If the star is rotating very fast, then this induces strong mixing of the interior, such that the star can be treated as chemically homogeneous. As main sequence hydrogen burning proceeds, the entire star is gradually turned into helium, with a consequent increase in the mean molecular weight $\mu$.

Therefore, the evolution can be thought of as a sequence of models with similar mass, but increasing $\mu$.

The luminosity evolution is $$L \propto \mu^{7.5} M^{5.5} R^{-0.5}\ .$$ The strong $\mu$ dependence comes about through the strong dependence of opacity on $\mu$ for stars in radiative equilibrium.
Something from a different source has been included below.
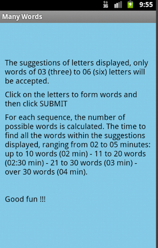 Game and intuitive knowledge of the English Language: Forming words. Basically, the game gives you six options of letters randomly, and within those options, you form words of up to six (06) letters and at least three (03) letters. It is an excellent pastime. So test your knowledge Forming words.
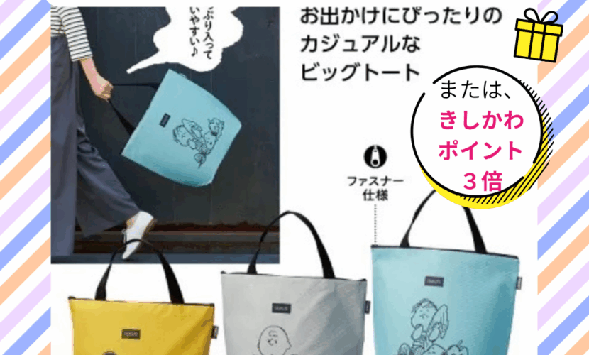 軽くて大きな、持っているだけでも楽しい『大きなスヌーピートートバック』※3色から選べます

On the other hand, the radius is only weakly dependent on $\mu$. That is because the central temperature depends on $\mu M/R$ (from hydrostatic equilibrium), but the strong temperature dependence of the CNO cycle, means the central temperature hardly increases as burning continues. As a result $$ R \propto \mu^{2/3} M^{4/5}\ .$$

If we assume a blackbody, then $T_{\rm eff}\propto L^{1/4}R^{-1/2}$ and thus $$ T_{\rm eff}\propto \mu^{1.54} M^{0.98} R^{-0.12}\ .$$

If we start off with 10% He by number, then $\mu=0.56$. But if we end with 80% He, then $\mu=1.2$.

On the face of it, this would appear to more than double the surface temperature during the main sequence evolution. The effect will be mitigated by mass loss and the disproportionate effect on opacity contributed by whatever metals are present (these are not zero metallicity stars).